Put together, you get a private ChatGPT you run yourself:

  • Nothing leaves your machine. Prompts and replies stay on localhost. No vendor logs your chats, trains on them, or hands them to anyone.
  • No subscription, no token meter. Run it ten hours a day for free; the only cost is electricity.
  • No content gatekeeper. You choose the model, including uncensored ones that won’t lecture or refuse.
  • It works offline. Once models are pulled, you can unplug the internet and keep chatting.

The trade-off is honest: quality scales with your hardware. A laptop runs small, capable models; a desktop with a 24GB GPU runs near-frontier ones. We’ll size that as we go.

Install Ollama and pull a model

Start with the engine. On macOS or Linux, one command installs Ollama and starts it as a background service:

curl -fsSL https://ollama.com/install.sh | sh

On Windows, download the installer from ollama.com and run it — same result. (For a deeper walkthrough including GPU drivers and troubleshooting, see how to run AI locally.)

Once it’s running, pull a model. ollama run downloads it on first use and drops you into a chat to confirm it works:

ollama run llama3.1:8b

Type a question, get an answer, then /bye to exit. The model now lives on disk and is served at 127.0.0.1:11434 for Open WebUI to use.
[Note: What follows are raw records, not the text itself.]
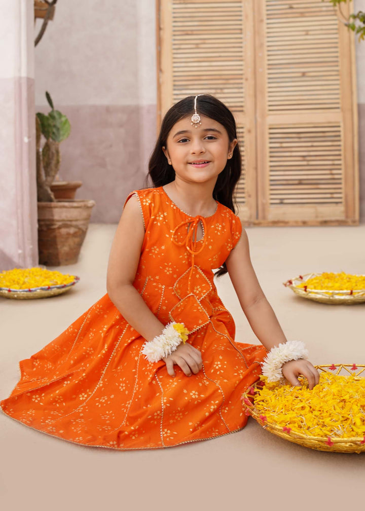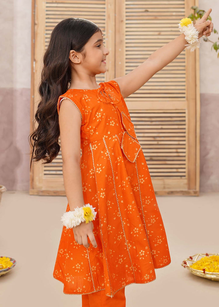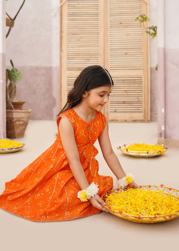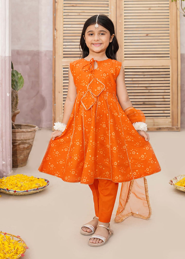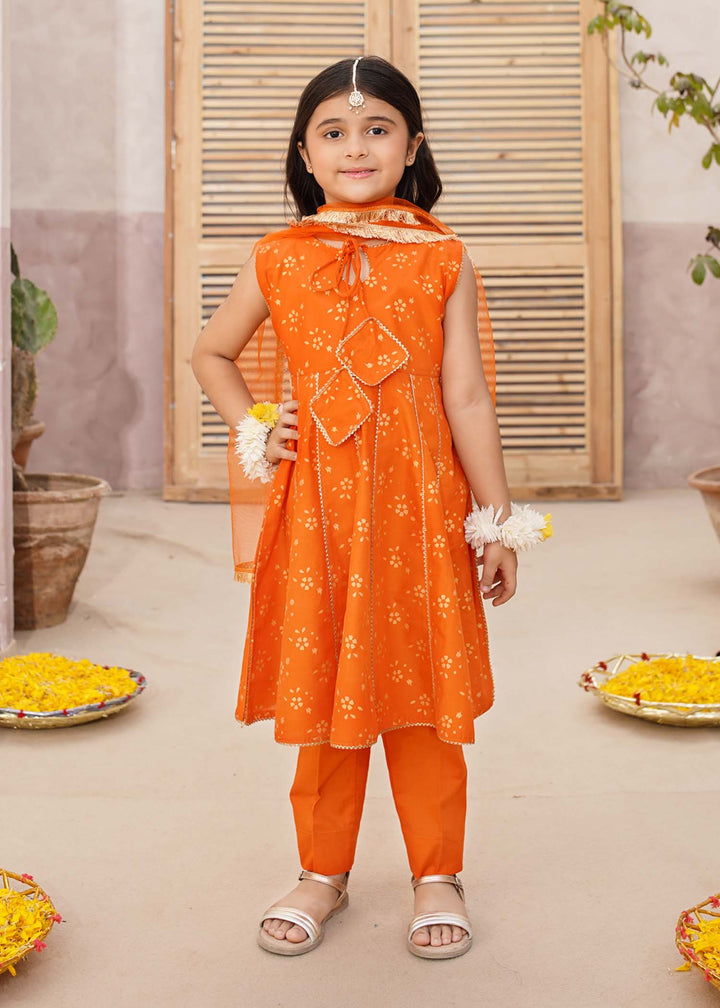 Add a touch of elegance to your little girl’s festive wardrobe with our Girls Printed Cotton Suit — a beautifully crafted 3-piece dress for girls, perfect for weddings, Eid, birthdays, and formal family gatherings. Made from premium cotton fabric, this outfit features delicate print with golden lace on dupatta that makes it both classy and comfortable. The rich orange color with golden accents adds a royal charm that’s ideal for any celebration.
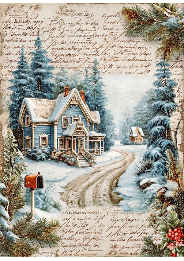 Papier ryżowy A4 do decoupage Artando -widok, pejzaż zimowy, domy, zima
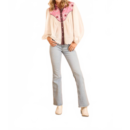 [US] BROOKS AVENUE western long sleeve blouse in embroidered wildflower pink
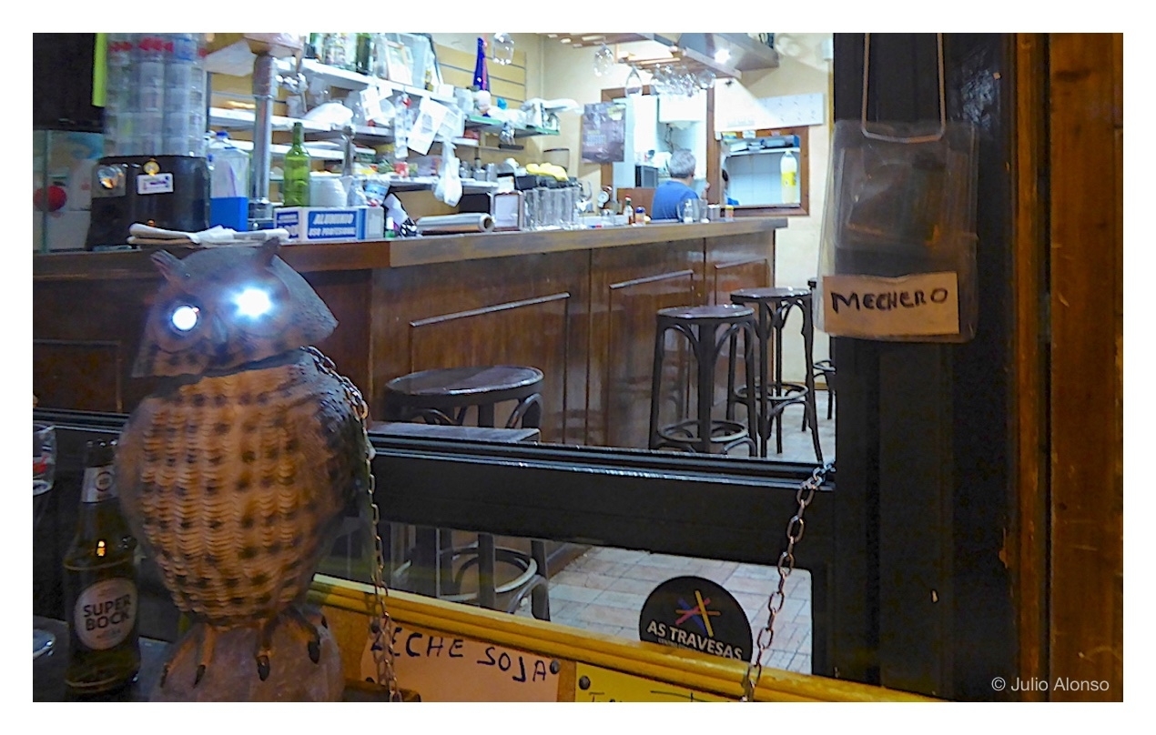 Hoy, aquello de pedir fuego como necesidad o como disculpa para entablar un conocimiento y una relación social se va perdiendo. Por eso, en algunos establecimientos ya tienen un mechero a disposición de los clientes que lo necesiten, como es el caso que se observa en la fotografía, tomada en un lugar, por cierto, muy recomendable por la variedad y la calidad de sus tortillas, además de la amabilidad del servicio y de un precio muy asequible. Se trata del bar “El Brillante”, ubicado en el último tramo de la calle Barcelona, de Vigo. Allí han puesto el mechero en una bolsa transparente a disposición de los clientes. Y vigilado, eso sí, por un búho que, como puede comprobarse, no le quita el ojo a nadie que se acerque. “El Brillante”, un lugar pequeño, pero muy recomendable para tomar una cerveza y unos buenos pinchos.
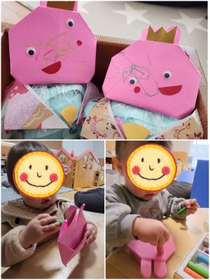 はいどうぞ〜!!! と、紙を渡すと、夢中になって描き続けてくれて、うさぎさんのお雛様が完成しました〜!
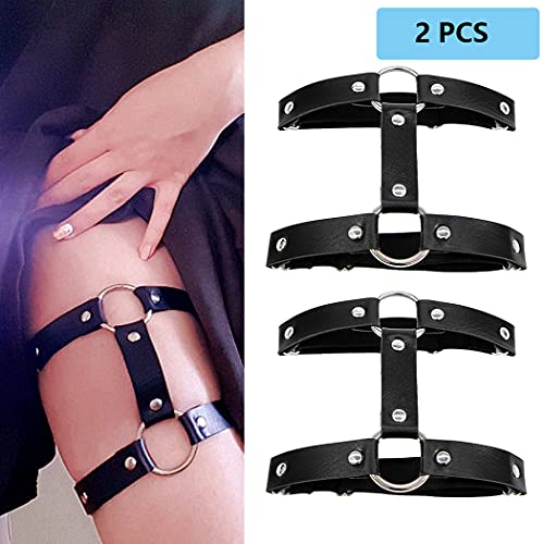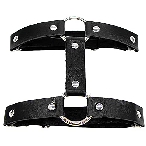 Specification: Aabellay 2 stuks dubbele rij jarretels been ring gotische been elastische punk harnas kousenband verstelbare jarretelband met 2 metalen clips – zwart, Zwart, M
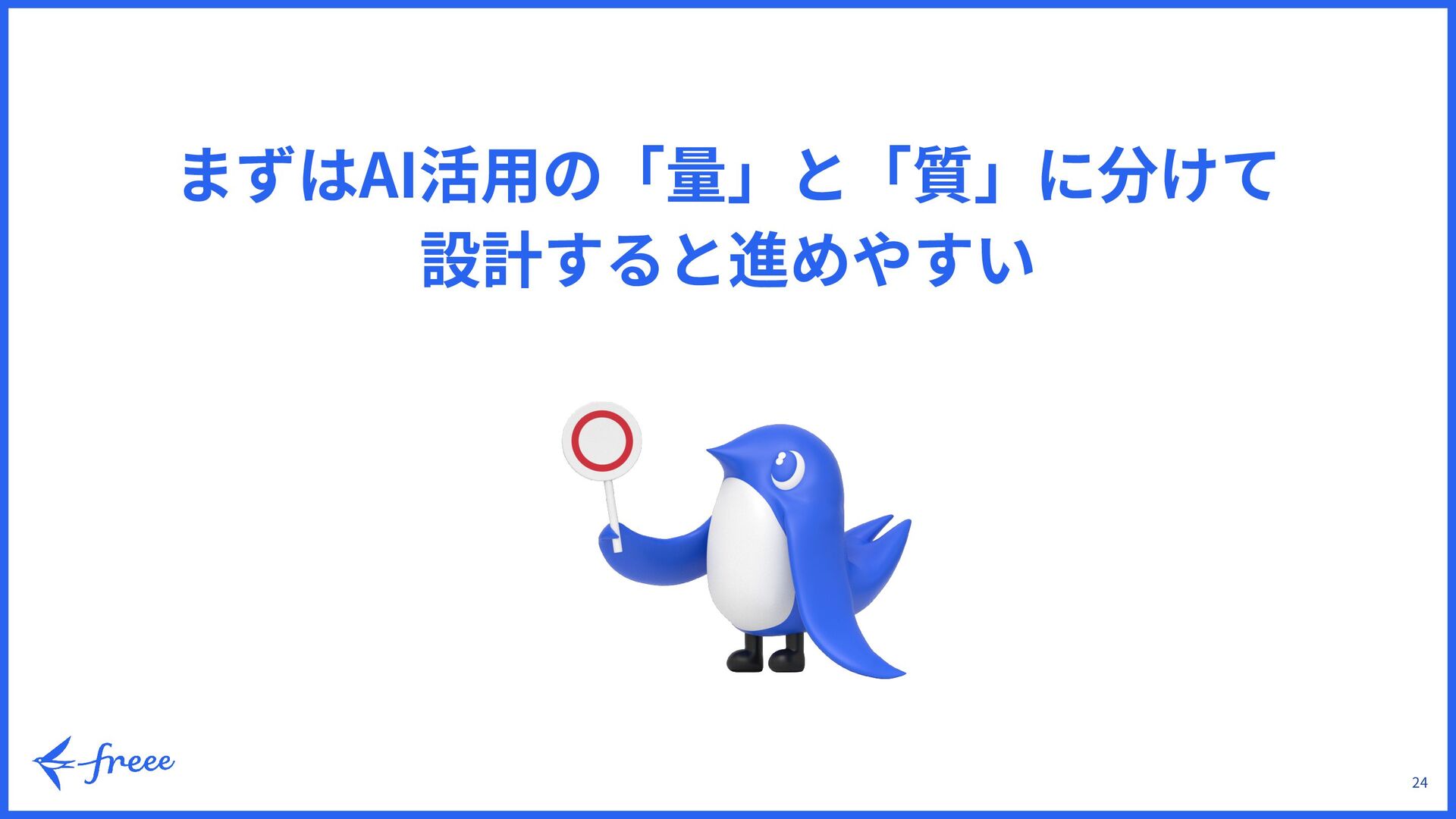 24 まずはAI活⽤の「量」と「質」に分けて 設計すると進めやすい
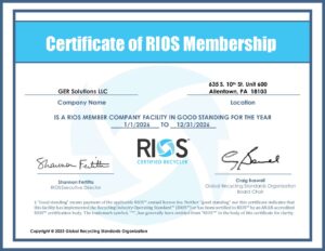 R2v3 Certified – we completed & passed our audit the week of February 2022 – new certificate, valid through February 2025, featured below! We undergo a surveillance audit annually and a recertification audit every 3 years. Please contact me with any questions – 610.443.1776 or jjohnson@gersolutions.netSERI [R2} websiteR2v3 Certificate R2 is the standard for Responsible Recycling. R2 standards are set by the local and federal governments. Any/all electronic recycler that becomes R2 Certified go through phases of Audits. R2 has set of processes, safety measures and documentation process that R2 Certified companies must abide by. This practice also permits us to do the following: Dismantling | RIOS CertifiedWhat does RIOS mean? RIOS stands for Recycling Industry Operating Standard. It focuses on the following aspects: See Our Name on the RIOS list! This is a certification that is designed by recyclers for recyclers. By combining the listed systems, electronic recyclers such as GER Solutions, LLC can then better manage them. See below for a link to our certification which is valid through February 2025. GER Solutions LLC RIOS Certificate ![]() |
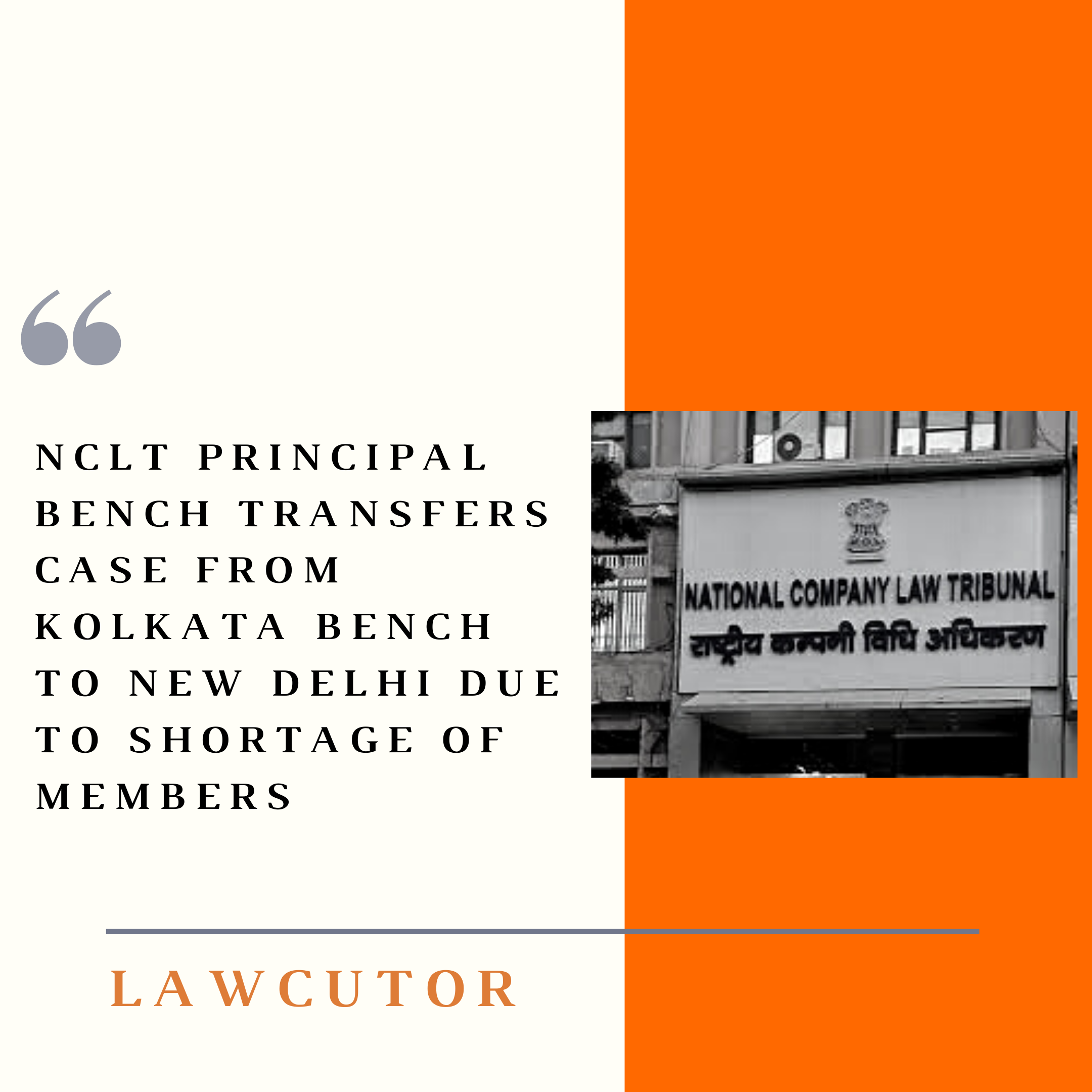 Facing the shortage of members at its Kolkata Branch, the principal bench has transferred one case to New Delhi (Techno Electric & Engineering vs McLeod Russel India)
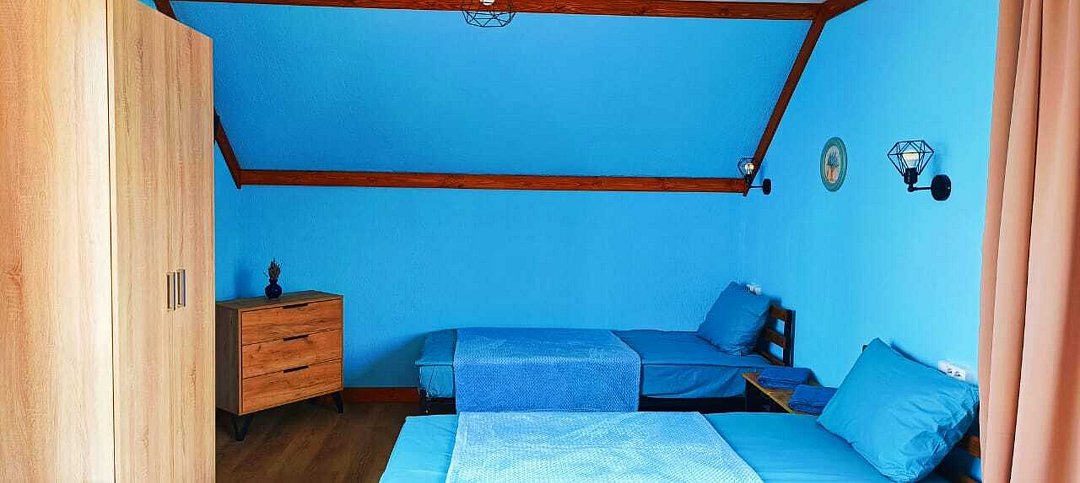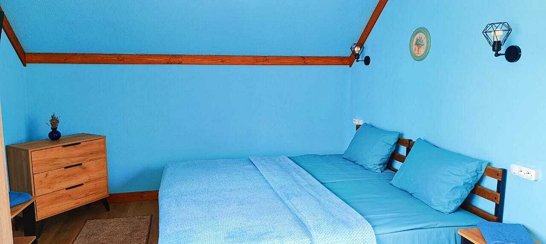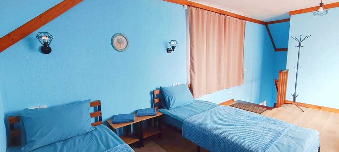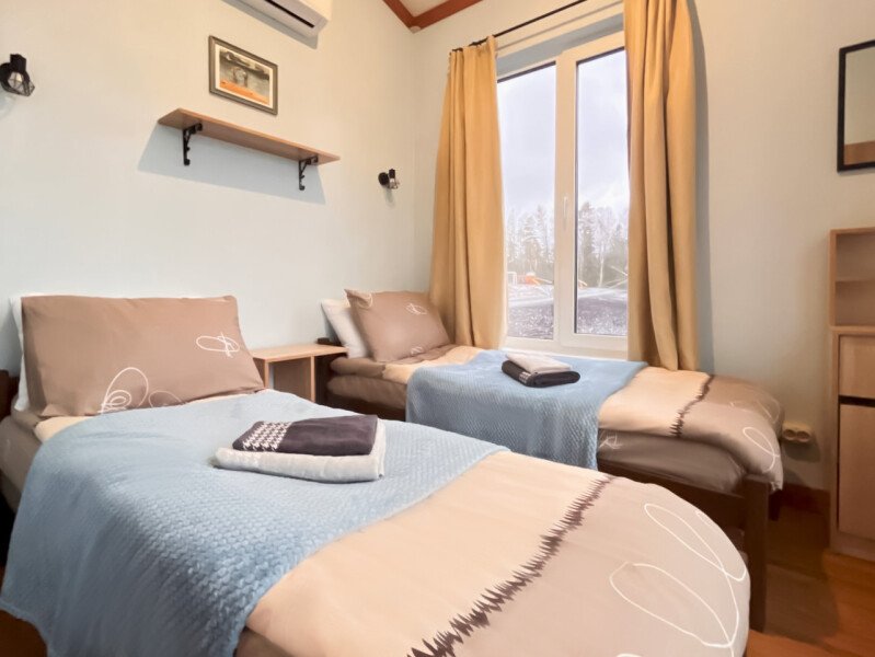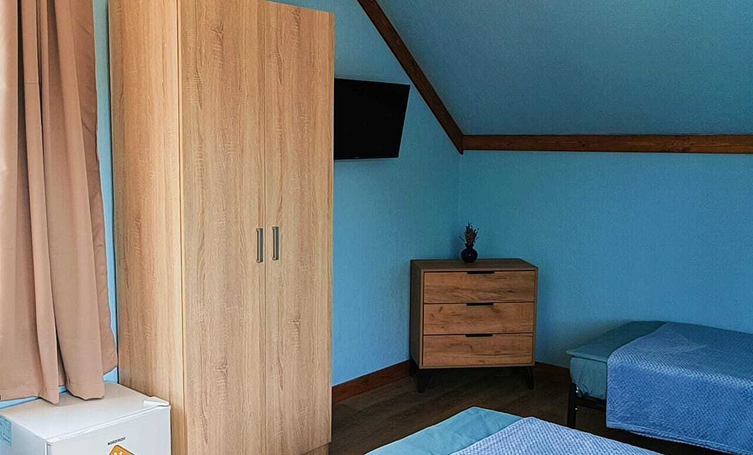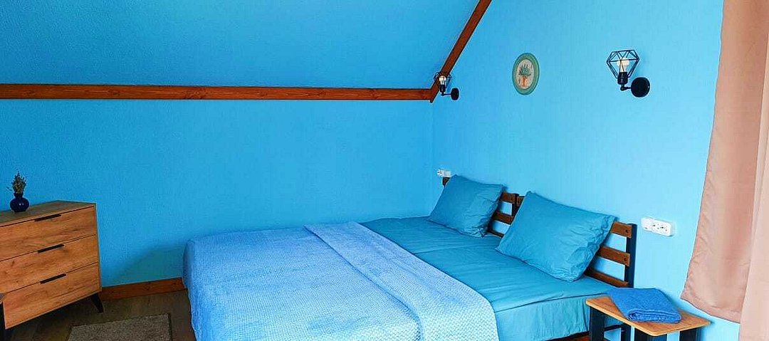 Две комнаты в трехкомнатном доме с мансардой. Уютный двухэтажный номер идеально подходит для отдыха небольшой компании друзей. Номер рассчитан на проживание 2–4 человек (два основных и два дополнительных места).

Pick your first model by VRAM, since that’s the hard limit on what fits:

Your hardwareSensible starting modelWhy
8GB VRAM / Apple M-series 16GBllama3.1:8b, qwen2.5:7bFast, fluent, fits comfortably at Q4
12–16GB VRAMqwen2.5:14b, mistral-nemoNoticeably smarter, still snappy
24GB VRAMqwen2.5:32b, gemma2:27bNear-frontier reasoning locally
No GPU (CPU only)llama3.2:3b, phi3Slower but usable for short chats

Those :8b / :14b tags are parameter counts. The download is quantized by default (typically Q4_K_M — a 4-bit compression that cuts memory roughly in half with minimal quality loss). If you’re unsure what your machine can handle, the guide to running AI locally maps machines to model sizes in detail.

Run Open WebUI with Docker (the exact command, explained)

Open WebUI ships as a Docker container, which is the cleanest way to run it — no Python environment to manage, easy to update, easy to remove. Install Docker Desktop (Mac/Windows) or Docker Engine (Linux), then run:

docker run -d \
  --network=host \
  -v open-webui:/app/backend/data \
  -e OLLAMA_BASE_URL=http://127.0.0.1:11434 \
  --name open-webui \
  --restart always \
  ghcr.io/open-webui/open-webui:main

Here’s what every flag does, because you should never paste a command you don’t understand:

  • -d — detached; runs in the background so you get your terminal back.
  • --network=host — lets the container reach Ollama on the host’s 127.0.0.1:11434 directly. This is the simplest setup on Linux. Note there’s deliberately no -p here: host networking ignores published ports, so -p would have no effect. The consequence matters for the next step — Open WebUI listens on the host’s port 8080, so on Linux the UI is at :8080, not :3000. On macOS/Windows, --network=host behaves differently — instead drop it and use -p 3000:8080 to publish the port (which is what puts the UI at :3000 there), and set OLLAMA_BASE_URL=http://host.docker.internal:11434 so the container can find Ollama on the host.
  • -v open-webui:/app/backend/data — a named volume that persists your accounts, chat history, and uploaded documents. Without it, everything vanishes when the container restarts.
  • -e OLLAMA_BASE_URL=... — tells Open WebUI where Ollama lives.
  • --name open-webui — names the container so you can docker stop open-webui later.
  • --restart always — brings it back automatically after a reboot.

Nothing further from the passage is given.